Giant concern: Protecting Manning vs. Watt, Texans
Even during the practice week, the hits keep coming for Eli Manning and the winless New York Giants as they prepare for the Houston Texans.
Already saddled with a beleaguered offensive line that left Manning under frequent duress last Sunday night against the Dallas Cowboys, the Giants added injury to insult by placing starting center Jon Halapio on injured reserve after he suffered fractures in his lower leg and ankle in the third quarter of their seventh loss in eight games.
The Giants (0-2) replaced Halapio, who started six games at right guard in 2017, with 11-year veteran John Greco. Greco spent his first three seasons with the then-St. Louis Rams before playing six years with the Cleveland Browns prior to signing with the Giants last November.
Manning has been sacked eight times, six by the Cowboys in that 20-13 loss.
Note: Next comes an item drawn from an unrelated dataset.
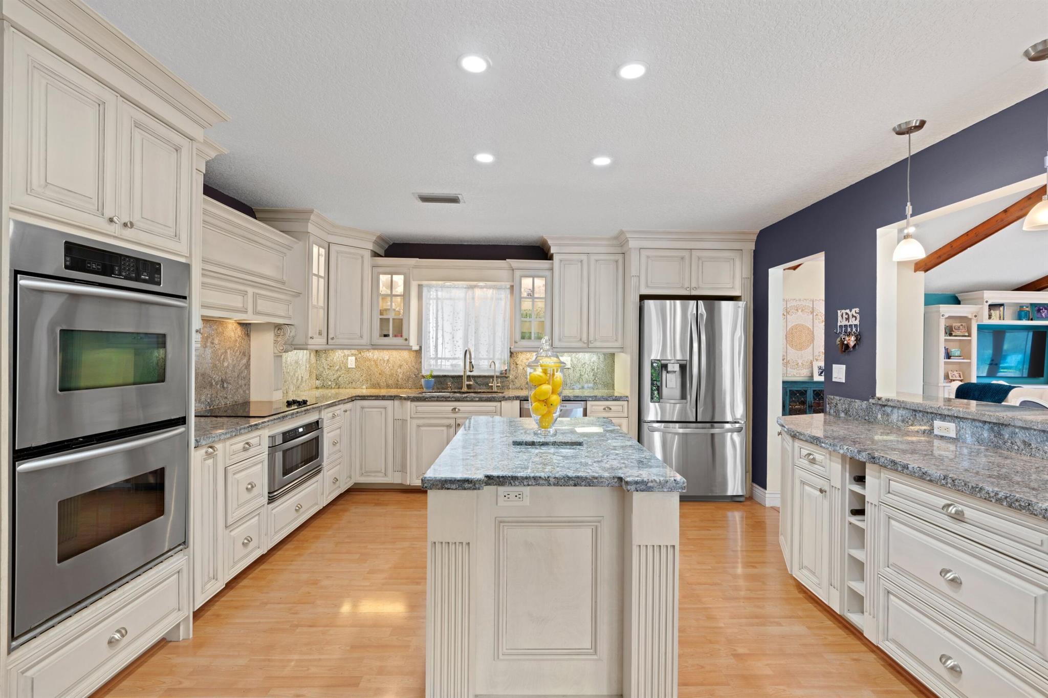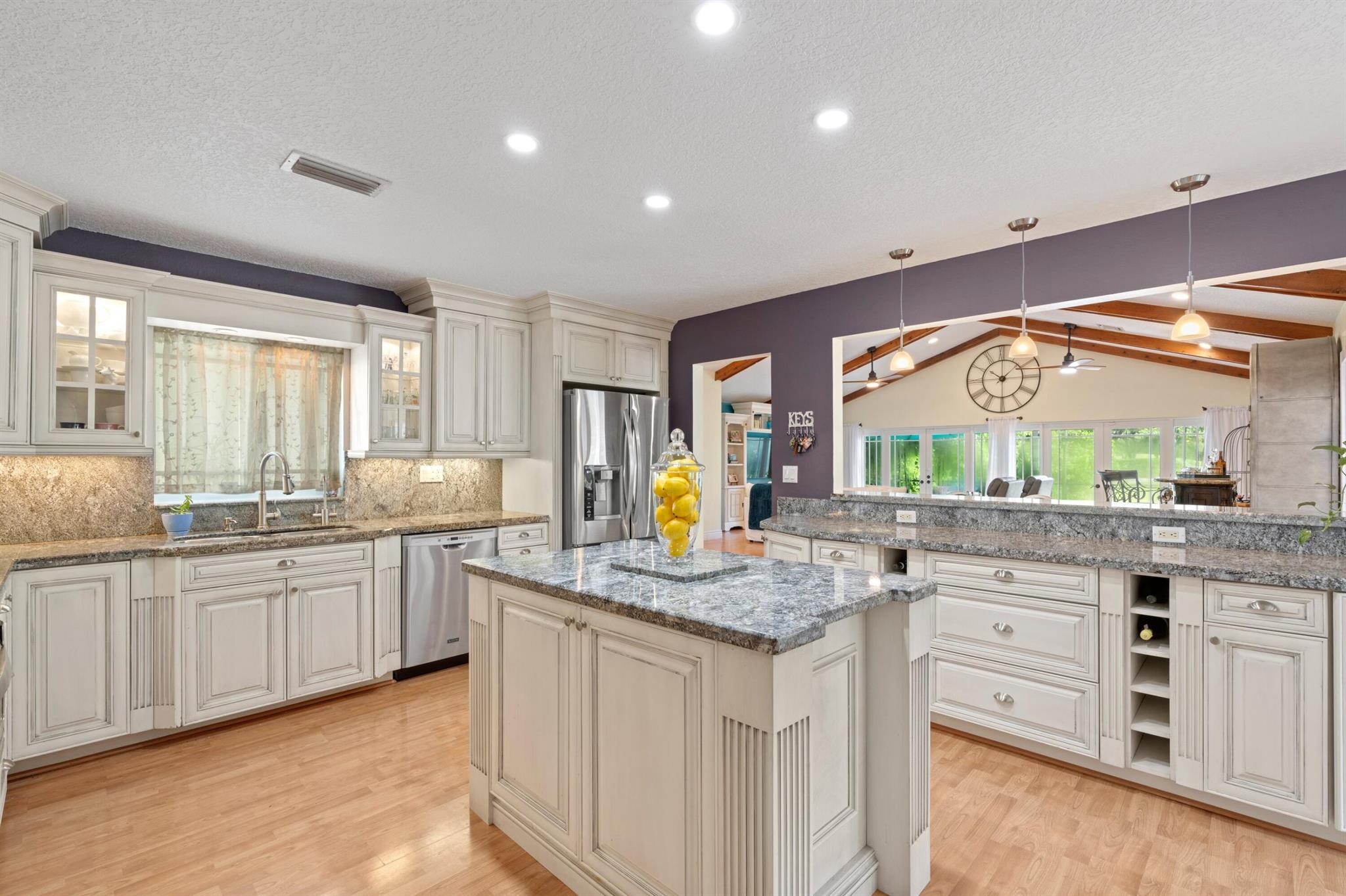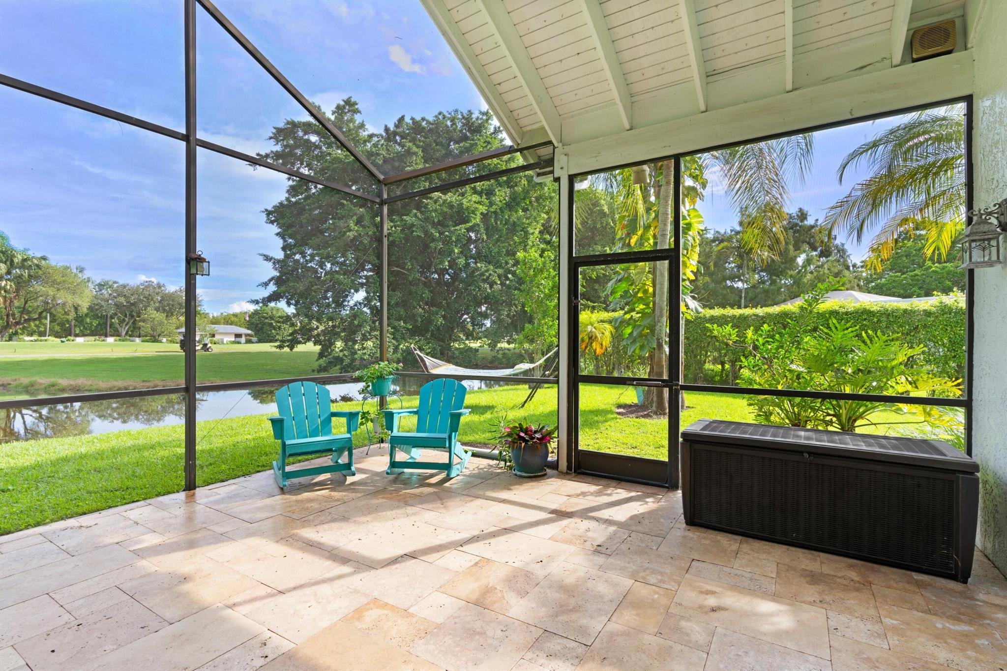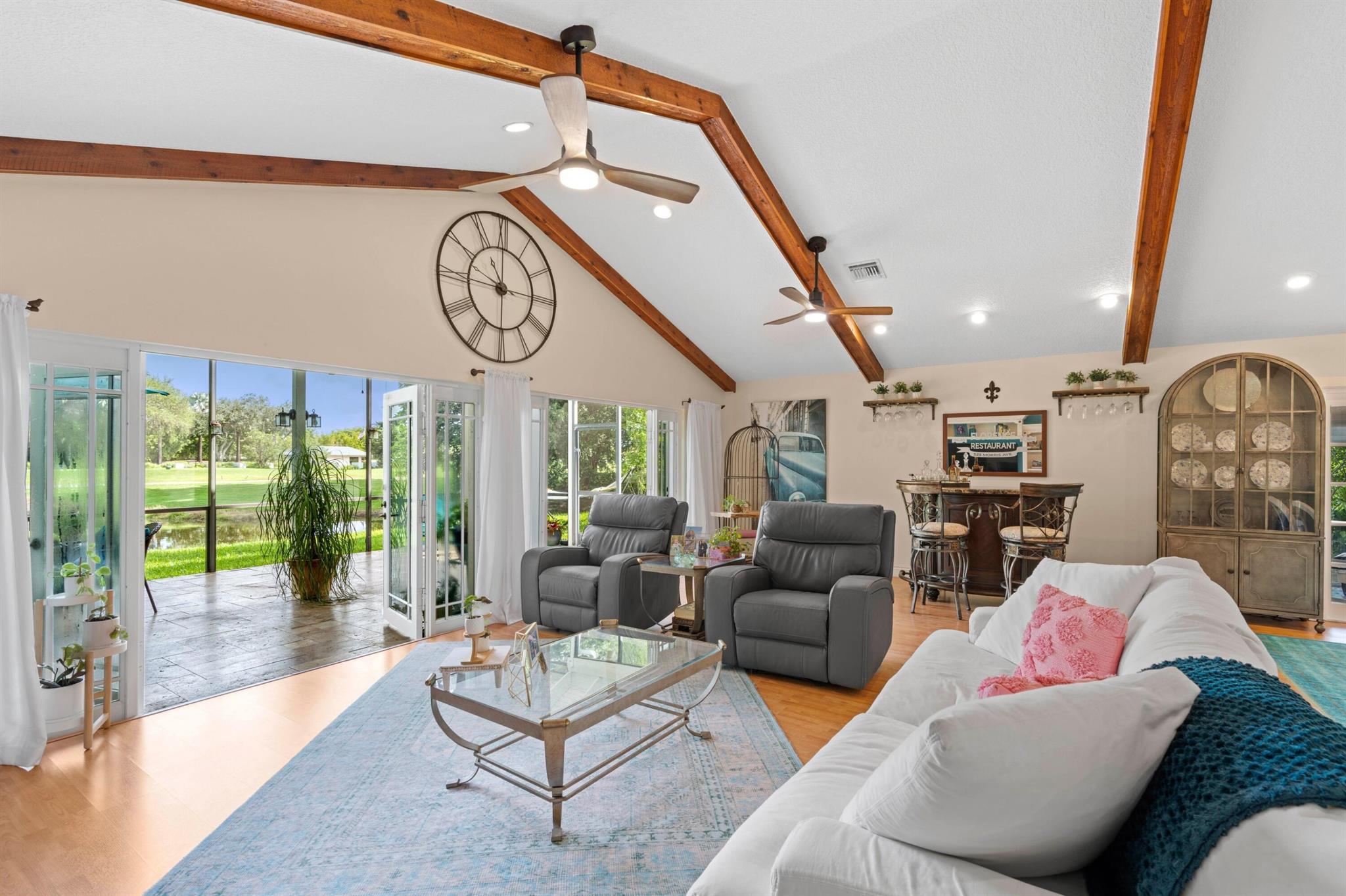 Experience life in a beautiful golf and tennis community without the steep membership fees. This gorgeous 3-bedroom, 2.5-bathroom home delivers breathtaking lakefront views and elegant interiors, ideal for relaxation and entertainment. Located on a quarter-acre lot, there's ample space for a pool. The kitchen is a chef's paradise, featuring top-notch stainless appliances, including double ovens, a huge pantry, and a large island that serves as a central gathering point. The open-concept living area is accented with high wood beam ceilings, offering a spacious ambiance while framing picturesque lake views through a screened patio. For safety and uninterrupted enjoyment, the home boasts impact glass windows and doors. The primary suite is a luxurious retreat, complete with ample closet

The Giants have struggled to shift their offense out of neutral, ranking 28th in total yards (579), 29th in yards per play (4.5), and 30th in scoring (28 points). Still, in advance of the only meeting between winless teams on the NFL schedule this weekend, Manning expressed confidence that a smooth transition is afoot with the Giants visiting the Texans (0-2) on Sunday at NRG Stadium.
"Greco, he's a vet, he's been here," Manning said. "He came here last year; he's been here all training camp. We've worked together, we've gotten snaps throughout training camp so that shouldn't be a problem. He knows what's going on.
"We've met this week and talked a bunch on calls and making sure we're seeing the same thing and hearing things the same way."
Despite featuring a defense that has performed decently in road losses at New England and Tennessee, the Texans aren't in a position to enter their home opener brimming with confidence over the Giants' struggles. The Cowboys might have offered a blueprint for harassing Manning, but the Texans are mired in an eight-game skid and continue to find ways to lose, whether by untimely penalties or deflating turnovers, namely from quarterback Deshaun Watson.
"Obviously, Dallas did a good job in that game of getting to the quarterback," Texans coach Bill O'Brien said. "We've got to make sure that No. 1, we stop the run. That's our deal every week. Then, when they drop back to pass, we've got to spin the dial. I think that's the big thing, too.
"Part of that is every week, getting pressure on the quarterback. How you do that is another ball of wax but I think that's all part of what we're trying to do this week."
Watson is just two games into his return from an ACL repair that cut short his dynamic rookie season. Reconciling that fact and his unsurprisingly spotty play against outsized expectations has been a challenge for most everyone, Watson included. He bristled at questions concerning the Texans' poor start after their 20-17 loss to the Titans and didn't appear to soften his stance days later when asked to assess his three turnovers, including two end-zone interceptions.
With just eight starts on his ledger, Watson still needs time to mature. That process can sometimes be painstaking.
"I don't have no regret from throwing those," Watson said. "You live and you learn, shot plays, throwing it to my guy, try to give him a chance. The other team made plays. They get paid just like we do, they're professional athletes, so we'll continue to do what we do and whatever OB (O'Brien) asks me to do."